◆ Given data
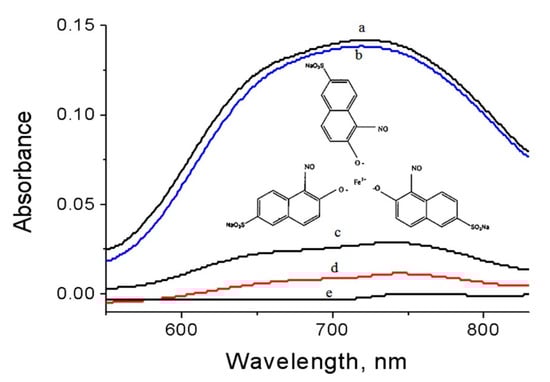 Absorbance spectra of naphthol green B after10 min in sunlight (a) No sample, and in presence of (b) alumina nanoparticles, (c) NC-1, (d) NC-2, and (e) NC-3.
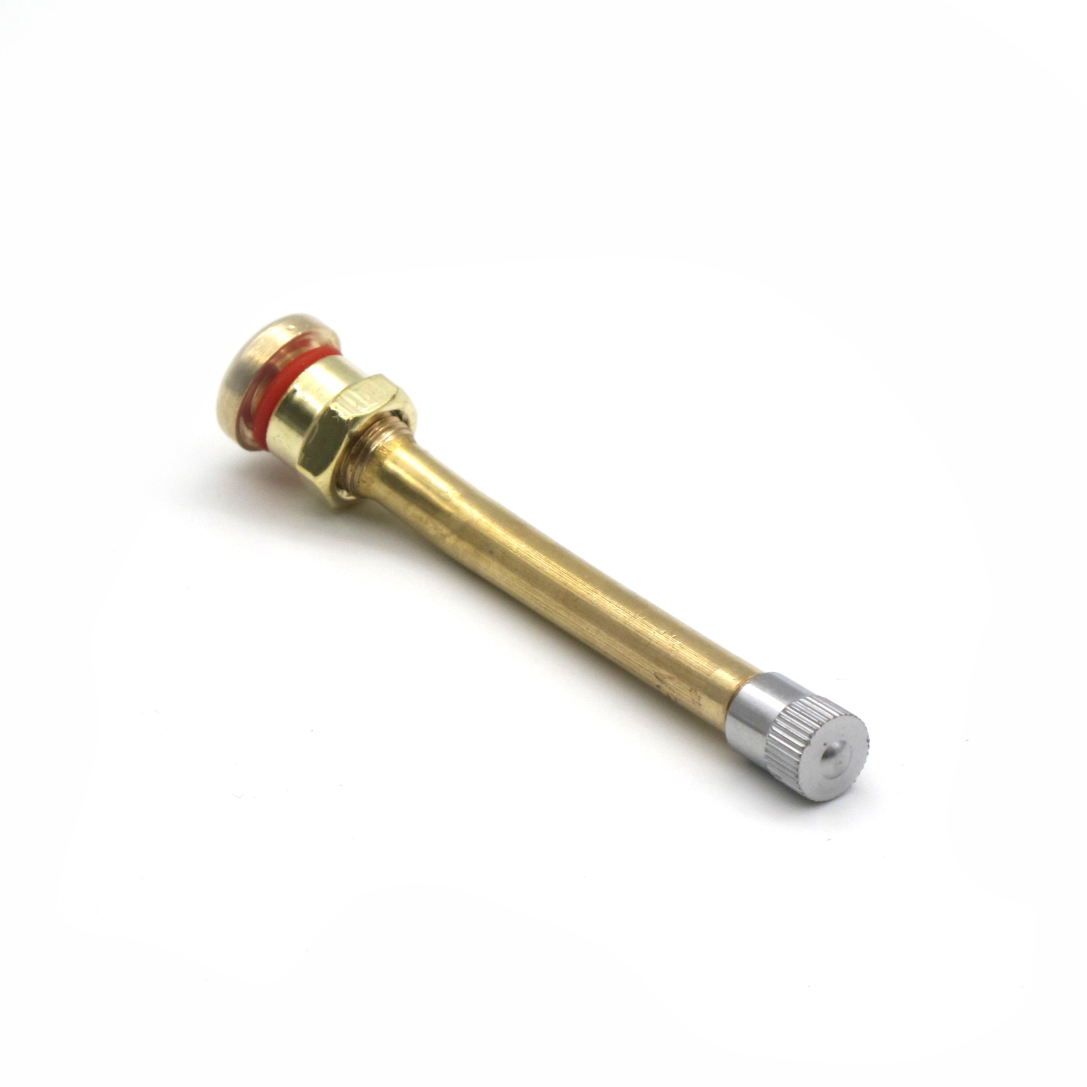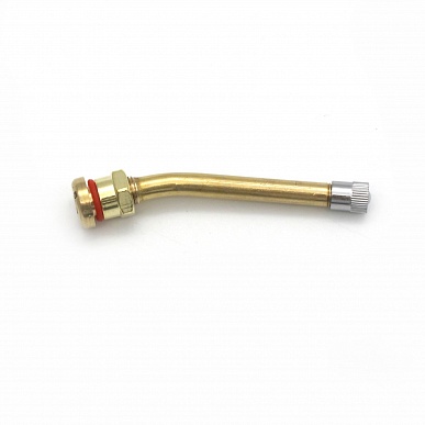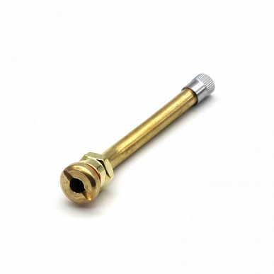 Вентиль грузовой для бескамерных шин V3.20.4 (TR-90MS) с круглым отверстием диаметром 9,7 мм и углом изгиба 27° (упаковка 10 шт.) предназначен для грузовых автомобилей и автобусов. Это латунный разборный вентиль общей длиной 90 мм (30 мм резьбовая часть + 60 мм отвод), который обеспечивает надежную накачку и герметизацию шин. Он поставляется в сборе с золотником и колпачком, подходит для стандартных дисков с отверстием 9,7 мм.
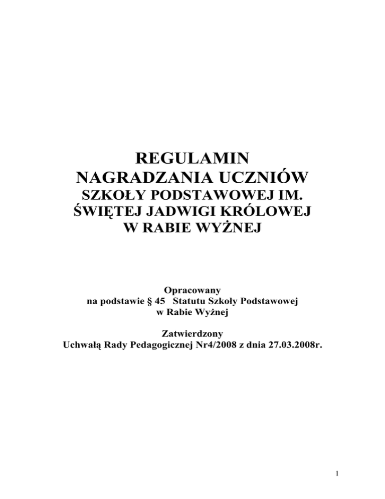 regulamin nagradzania - Szkoła Podstawowa im. Świętej Jadwigi

◆ Work required
Give back, word for word, the lines from the one containing "Вентиль грузовой для" through the last line of the listing above; include both ends and exclude the pictures.

◆ Response for this exercise
 Вентиль грузовой для бескамерных шин V3.20.4 (TR-90MS) с круглым отверстием диаметром 9,7 мм и углом изгиба 27° (упаковка 10 шт.) предназначен для грузовых автомобилей и автобусов. Это латунный разборный вентиль общей длиной 90 мм (30 мм резьбовая часть + 60 мм отвод), который обеспечивает надежную накачку и герметизацию шин. Он поставляется в сборе с золотником и колпачком, подходит для стандартных дисков с отверстием 9,7 мм.
 regulamin nagradzania - Szkoła Podstawowa im. Świętej Jadwigi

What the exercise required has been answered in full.